Моряк без малейшей брезгливости, даже с гордостью разглядывал темные, засохшие пятна на своей одежде.
– Не успел отстирать. Сцапали, проклятые, – сказал он и снова запел:
…Пред ним расстилается город Берлин,
А штурман готовит расчеты…
Ну, да я не в долгу. Пока меня заграбастали, семерых на луну отправил. Обижаюсь, правда, рановато я им попался… Мне еще за Севастополь надо сквитаться…
Сергей сел на нары, подтянул к подбородку колени. Глядя на Арсена своими светло-карими нагловатыми глазами, он в третий раз попробовал запеть:
…Майор и машина объяты огнем,
И штурман с сиденья свалился,
Но крепкое сердце работает в нем,
Он встал, за перила схватился…
Нет, ему никак не удавалось прочистить свой голос, и он так и не допел о судьбе бомбардировщика. Приглаживая торчащие рыжеватые волосы, он сказал Арсену:
– В плохом, лейтенант, местечке мы якоря бросили. А?
– Да, местечко невеселое.
Они разговорились. Оказалось, что Сергей почти ровесник Арсену, но успел повоевать уже и с белофиннами, выдержал оборону Одессы, Севастополя, дрался в Новороссийске, участвовал в двух десантах в Крым.
В подвал принесли баки с пищей, и Сергей соскочил с нар.
– Лежи, принесу, – коротко бросил он.
Минут через десять он вернулся с котелком супа на двоих, маленьким кусочком хлеба. Вытянув из-за голенища низкого, собранного гармошкой сапога алюминиевую ложку, он вытер ее, протянул Арсену:
– Давай жми, лейтенант.
– А ты?
– Я после.
Арсен взял в рот красновато-мутную жидкость и с отвращением сплюнул.
– Ешь, ешь, браток, – сказал Сергей. – Тебе кожи с постолов не доводилось есть?
– Не приходилось, – признался Арсен.
– А вот я и конину дохлую, жрал, и суп из полевой сумки как-то варил… И ничего. Глянь…
Напрягая мускулы, Сергей медленно согнул руку. Над сгибом вздулся внушительный каменно-твердый бугор.
– Видал?
Все же этот аргумент не убедил Арсена. Попробовав баланду еще раз, он решительно вернул Сергею ложку:
– Может, потом… в другой раз…
Сергей молча принялся за еду. Он опорожнил уже полкотелка, когда к ним, с трудом переставляя ноги и придерживаясь рукой за нары, подошел старик, коврик которого давеча Сергей отнял у румынского солдата.
Старик был изможден, руки его тряслись.
– Садитесь, отец, – подвигаясь на нарах, пригласил Сергей.
– Сяду, сынок, сяду…
Старик принялся развязывать дрожащими пальцами узелок. Он извлек землисто-черные лепешки, несколько луковиц и выложил все перед Сергеем и Арсеном.
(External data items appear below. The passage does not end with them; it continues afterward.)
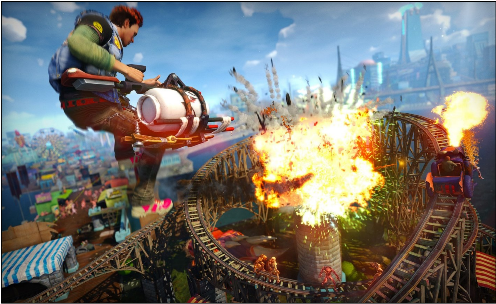
Giant showpieces and high explosives are a watermark of "Sunset Overdrive"

and attacks get more powerful. This is akin to something like "Tony Hawk Pro Skater," both in style of motion and special moves that require a full meter. The motion is incredibly fluid, and with practice you can combo all across the city without hitting the ground at all. The game breaks physics to keep the movement fun. You can run on water, for example. The sense of freedom in the world due to the movement is incredible.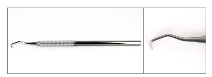
MPTSP5 Stainless steel probe - Triple bend tip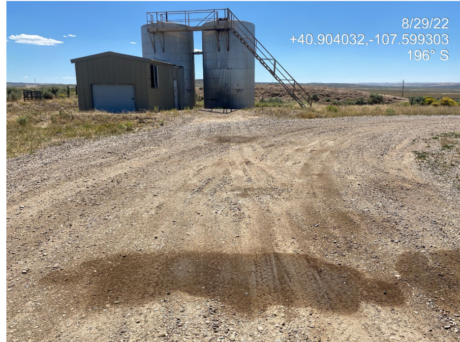
Photo 2. Photo shows stained soils.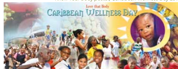
Know Your Body poster, Caribbean Wellness Day 2010

Most countries have begun evaluation of the CWD, including budget, participation rates and plans for sustaining the activities, which is essential if long-term health benefits are to be achieved. Many countries have used the Day as a catalyst for the creation of year-round programmes – such as the 'Family Fitness Sundays' established in Diego Martin, Trinidad and Tobago, in which roads are closed for four hours to provide space for people to socialise, dance and eat healthy food – and others, such as St Lucia, have introduced physical activity in primary healthcare centres.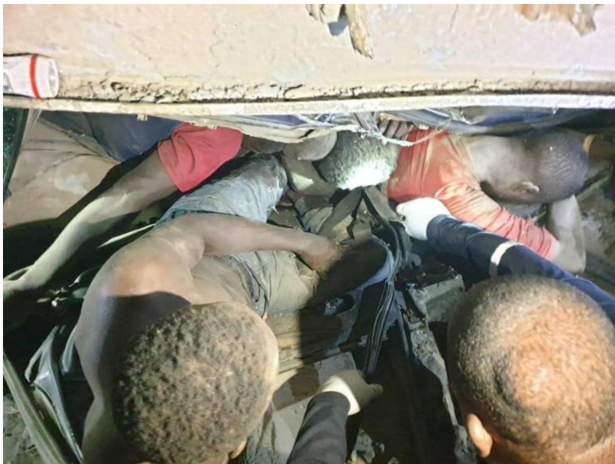
The auto crash victims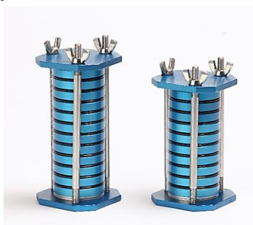
Figure 5: Impaction Plates & Filter Holder.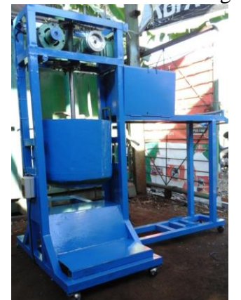
Figure 2. Dodol mixer machine design.

From Table 3, it can be seen from the assessment that the concept variant with the highest value is the concept variant that will be selected to be used as the design for the machine to be made.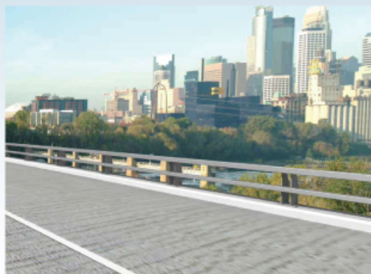
Driver's perspective southbound towards city center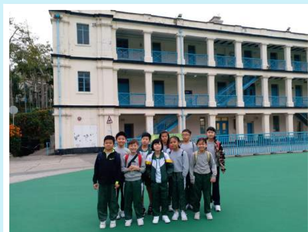
領袖培訓 Leadership Training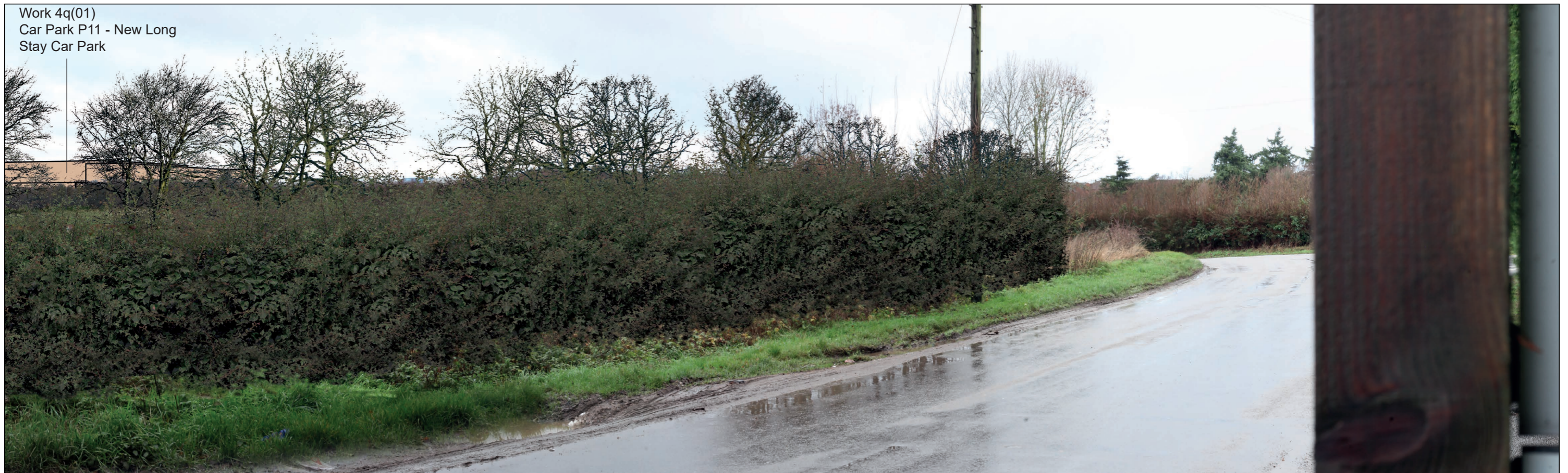
View with proposed planting (Phase 2a)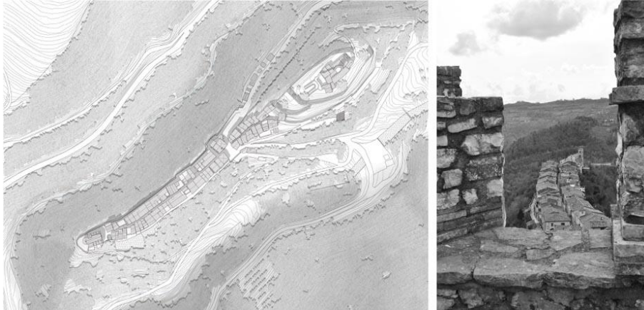
Figure 2. General Plan of Montenero Sabino and view from the Orsini castle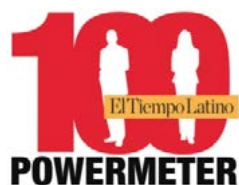
100 most influential Latinos in Washington DC - Catalina Sol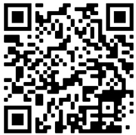
EP Student Education Perfect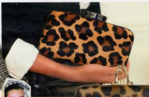
£695, Christian Louboutin

I love how designers have reinvented the bomber in luxe materials such as silks and faux-furs. Here are three of my favourites, which can be worn to dress up jeans, or for a glam night out with a pencil skirt or dress.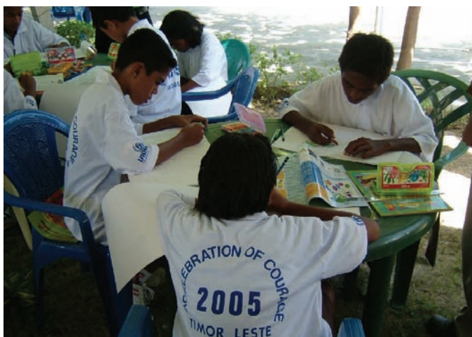
Drawing activity:

A TV interactive show was broadcast in the evening of 15 June 2005. Viewer's questions on refugees, asylum seekers and common immigration issues in Timor-Leste were answered by three speakers from the Immigration Department, the Parliament and UNHCR. In addition, WRD spots were aired daily on both TV and radio along with interviews of UNHCR staff and the Tetun version of the Global View 2005.

– Подкрепитесь, сынки, – угощал он. – Чем богат…
– Это лишнее, папаша, – твердо сказал Сергей. – Спасибо! Вы себя не разоряйте.
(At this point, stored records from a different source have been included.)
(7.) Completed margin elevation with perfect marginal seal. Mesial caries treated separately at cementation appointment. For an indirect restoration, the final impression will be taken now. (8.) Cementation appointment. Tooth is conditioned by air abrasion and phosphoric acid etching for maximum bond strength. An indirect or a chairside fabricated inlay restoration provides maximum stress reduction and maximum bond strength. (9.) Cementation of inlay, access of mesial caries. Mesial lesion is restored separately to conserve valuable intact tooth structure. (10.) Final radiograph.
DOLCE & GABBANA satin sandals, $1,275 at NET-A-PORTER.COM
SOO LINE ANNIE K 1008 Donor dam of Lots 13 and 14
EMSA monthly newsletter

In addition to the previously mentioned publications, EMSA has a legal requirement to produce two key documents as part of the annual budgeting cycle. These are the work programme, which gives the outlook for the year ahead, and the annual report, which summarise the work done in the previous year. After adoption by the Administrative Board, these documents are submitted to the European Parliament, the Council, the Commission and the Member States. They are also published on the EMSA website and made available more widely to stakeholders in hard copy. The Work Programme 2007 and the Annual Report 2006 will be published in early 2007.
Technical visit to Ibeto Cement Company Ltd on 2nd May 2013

– Какое, сынок, разорение?! – настаивал старик. – Мне старуха еще передаст. И зубы мои уже не берут…
– Ну, если передаст… немножко разорим…
– Кушайте, кушайте!
Сергей взял половину лепешки, две луковицы – себе я Арсену, остальное вернул.
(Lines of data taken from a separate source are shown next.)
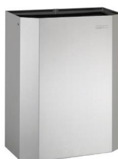
PPA2279C Bright finish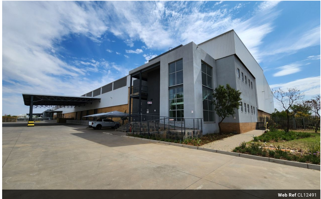
Web Ref CL12491

Office 40A Eden Meadows Complex 1 Van Riebeeck Avenue Greenstone 1609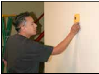
1 Using stud finder examine substrate and check for studs.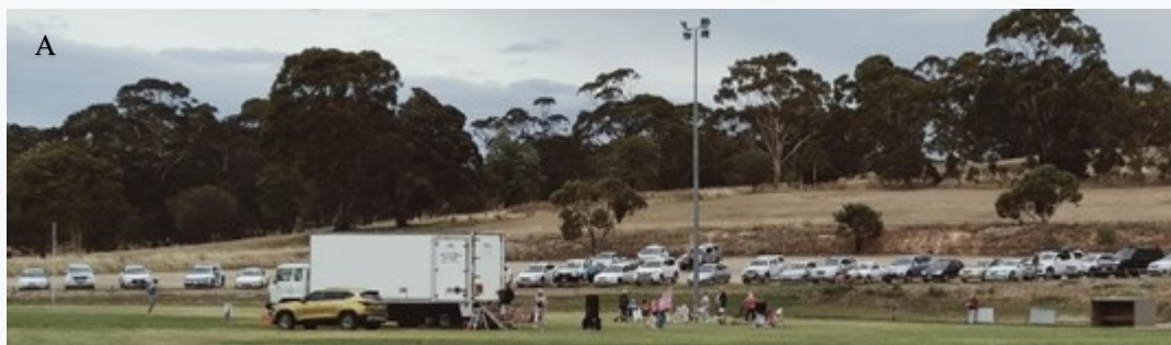
A: Carols in your car, Yankalilla (see p. 9)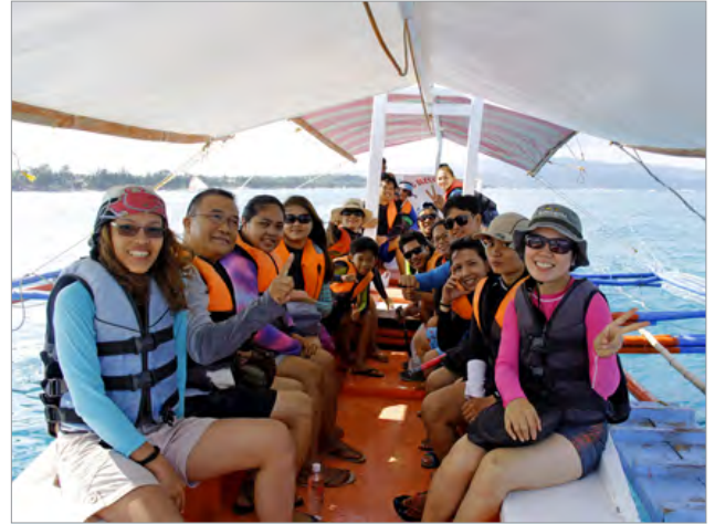
Island hopping with snorkelling and swimming

– Вас, дедушка, за что посадили? – спросил Арсен.
– За внучку, сынок…
Старик всхлипнул и полез в карман за платком.
– Что же внучка? В партизанах или… подпольщица?
– Какое там! Четыре годика всего… и тех даже не было… Смешанный брак у ее родителей. В этом и вся вина… Невестка моя еврейка… Сын, конечно, ее одну не пустил, когда забирали, вместе и пошли… А потом… Это на той неделе было, в пятницу, заявляются солдаты… Кто-то донес, что девочка у нас проживает. Заявляются и требуют выдать им девочку. Томочку нашу схватили… Я, конечно, как стоял с палкой… ударил жандарма… Схватили меня… вот сюда кинули. Старуха два раза передачу приносила… Беспокоится… А девочку, видать…
Старик, сотрясаясь от плача, судорожно глотнул воздух.
Закрыв рукавом поношенного пальто лицо, он сидел так, пока немного успокоился.
Снаружи загрохотал засов. Дверь открылась с ржавым скрипом, и вошел полицейский.
– Чепурной, выходи!
На допрос вызывали Сергея впервые. Он забрал из-под головы Арсена свой бушлат, обмахнул рукавом носки сапог. Ему очень хотелось показать, что идет он в гестапо спокойно, однако Арсен заметил, что лицо его побледнело.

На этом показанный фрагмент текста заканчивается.